3. Posizionamento degli animali

  1. Posizionare il soggetto in posizione prona con la testa sollevata e stabilizzata con sacchi di sabbia fino a quando l'osso frontale non è quasi orizzontale per garantire un posizionamento ottimale.
    NOTA: Assicurarsi che la testa sia leggermente immobilizzata per evitare movimenti indesiderati.
  2. Radere i peli dal sito chirurgico usando un rifinitore o un rasoio.

4. Preparazione delle attrezzature chirurgiche

  1. Preparare l'attrezzatura chirurgica come indicato nella Tabella dei materiali.

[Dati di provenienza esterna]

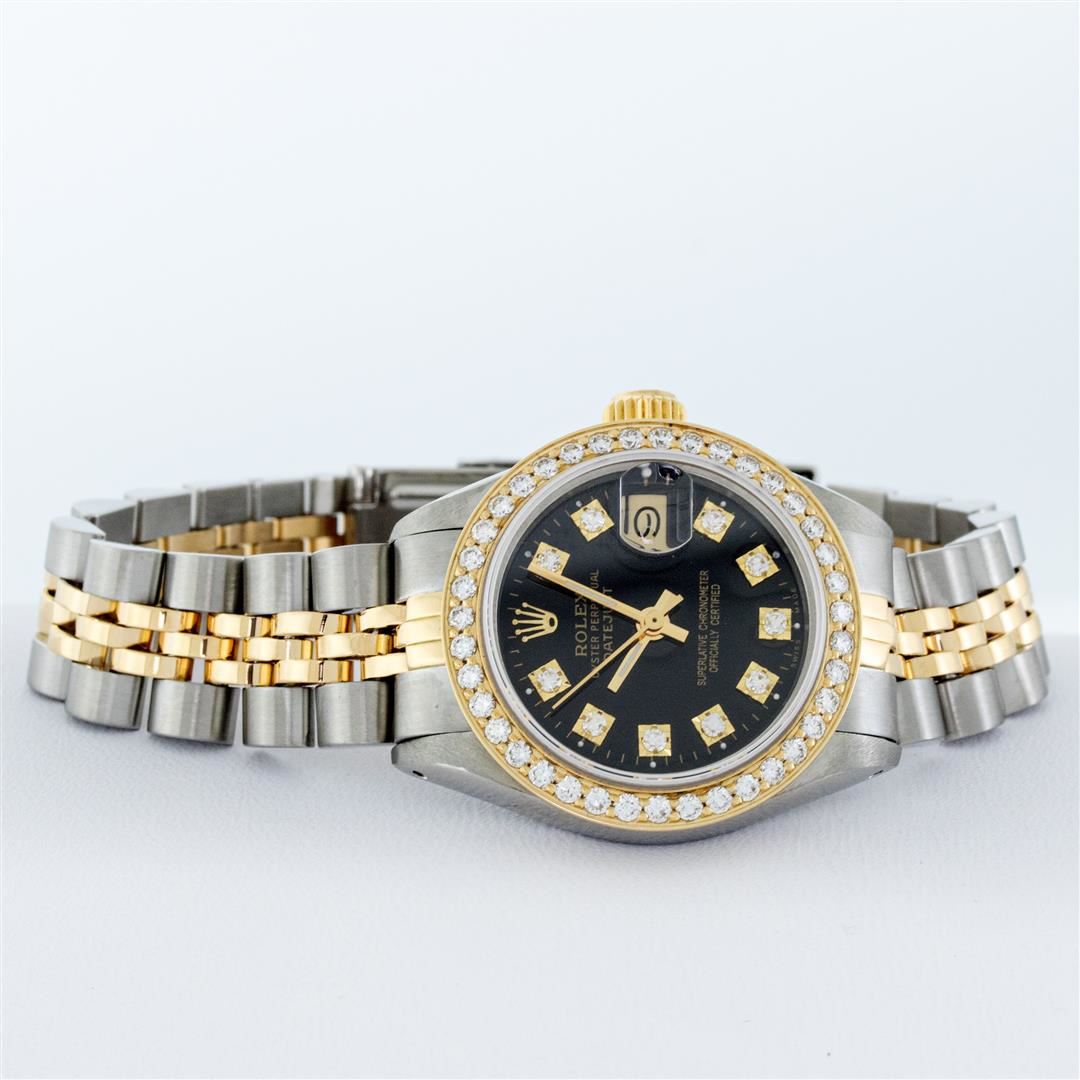 One Ladies 14K Two Tone Rolex Datejust Polished, Serviced & Electronically Tested, 14K Yellow Gold & Stainless Steel Case: 26mm, 14K Yellow Gold Crown, Custom Bezel: New 18K 1ctw Yellow Gold Beadset Diamond Bezel, Diamond Count: 44 Diamonds, Total Weight 1.00 Carat, Clarity: Si-VS, Color: G to H. Custom Crystal: New Synthetic Sapphire Cyclops Lens. Custom Hands: New Luminescent Hands. Movement: Automatic Winding Movement Caliber 2030. Custom Dial: Mother Of Pearl String Diamond Dial, Diamond Count: 43 Single Cut Diamonds in Dial, G To H In Color, VS Clarity. Date Window: 3 O'Clock Position Date Display, Model: Datejust, Condition: G-6 Extra Fine. Bracelet: Two Tone 14K Yellow Gold & Stainless Steel Jubilee. Bright Polish. 6.0 Inch Length, Adjustable. Standard Clasp, With Rolex Logo. This Watch Has Been Serviced Time Tested And Is In Excellent Condition It Is Free Of All Scratches And Dents.
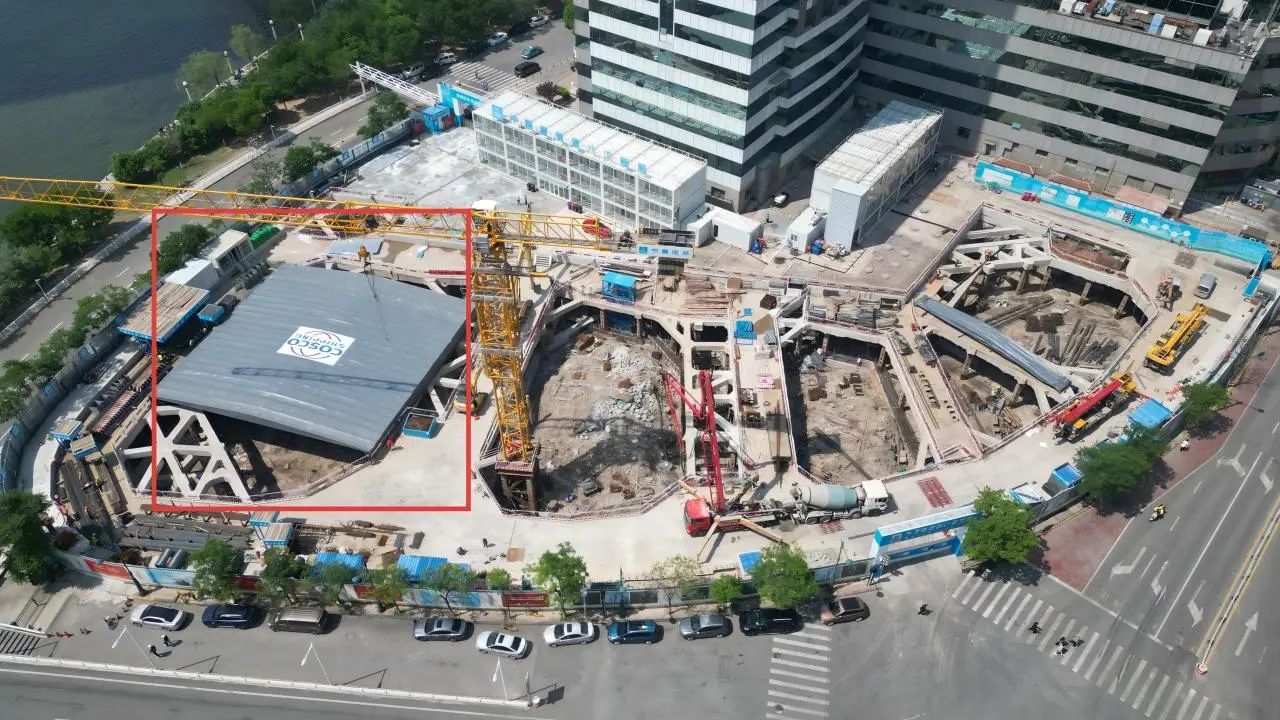 項目南臨海河最近距離僅30米,基坑比海河底部還要深8米,滲水形成的淤泥質軟土對施工影響較大。項目團隊根據地連墻深度和承壓水層分布,優化降水井布置和局部深坑疏干井數量,有效避免了邊坡失穩、坑底隆起等風險,現場常駐專業應急搶險隊伍,在地基外部涌動“萬噸河水”的情況下,安全高效完成基坑作業。
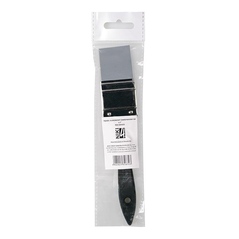Płaskie pędzle silikonowe o zakrzywionej formie. Trzony pędzli wykonane są z wytrzymałego tworzywa w kolorze czarnym, natomiast końcówki z silikonu. Pędzle przeznaczone są do różnych zadań artystycznych, w tym nakładania kleju, mieszania kolorów, nakładania farmy lub modelowania gliny w celu nadania jej gładkiej powierzchni. Silikonowe końcówki nie absorbują farby ani innych mediów. Po skończonej pracy pędzle można łatwo umyć i ponownie użyć
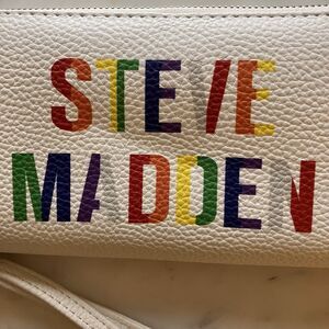 Steve Madden Full Size Zip Up Wallet Colorful Wristlet White Rainbow T024K
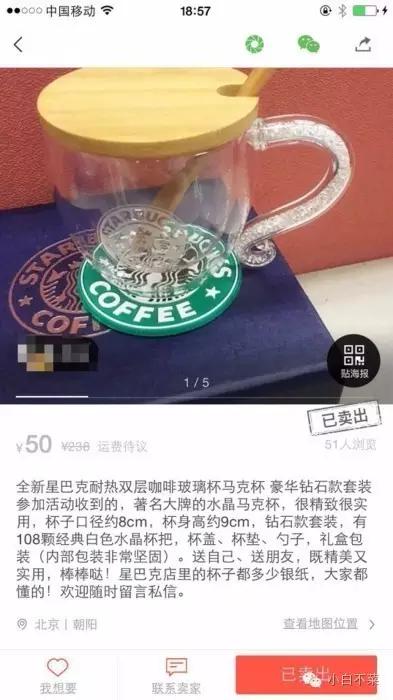 杨姐我用微信账号登录了一下“转转”,现在有260个好友在上面“卖货”,随手翻了翻,还真让我“惊喜”了一把。看,有个好漂酿的星巴克水晶杯子,才卖50元,可惜被抢走了:
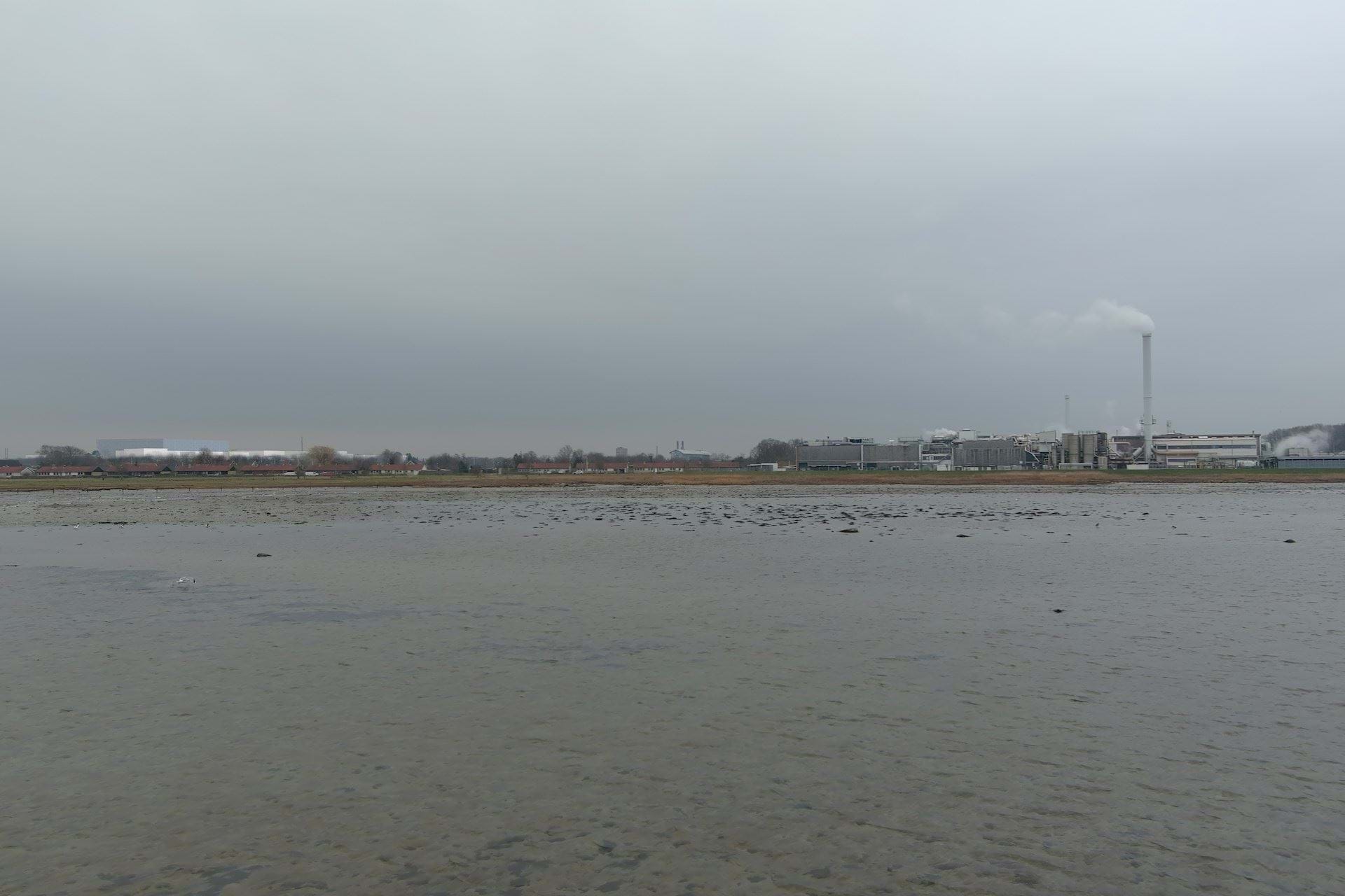 Virksomheden Topsoe er også dominerende for kystlinjen set fra bugten. Topsoes bebyggelse er varierede i højde men op mod 18 meter. Bebyggelsen er store voluminer med fladt tag i hvide og grå nuancer. I samspil med Topsoe vurderes bebyggelsen i 15 og 25 meter i erhvervsområdet at være mindre dominerende for kystlandskabet ift. volumen og højden, men er ikke en uvæsentlig ændring.

5. Esposizione dell'osso frontale

  1. Identificare la prominenza nucale e l'aspetto caudale di ciascuna cresta orbitale superiore (Figura 1) per definire la linea mediana sagittale prevista.
  2. Inizia con un'incisione sulla linea mediana usando il bisturi n. 24 per tagliare sia la pelle che la galea aponeurotica sul periostio dell'osso frontale.
  3. Asciugare il sangue con tamponi chirurgici.
  4. Separare gradualmente la galea aponeurotica dall'osso frontale sottostante attorno all'incisione utilizzando un rongeur appiattito da 12 mm.
  5. Utilizzare un divaricatore chirurgico per separare la galea aponeurotica ed esporre l'osso frontale sottostante (Figura 2).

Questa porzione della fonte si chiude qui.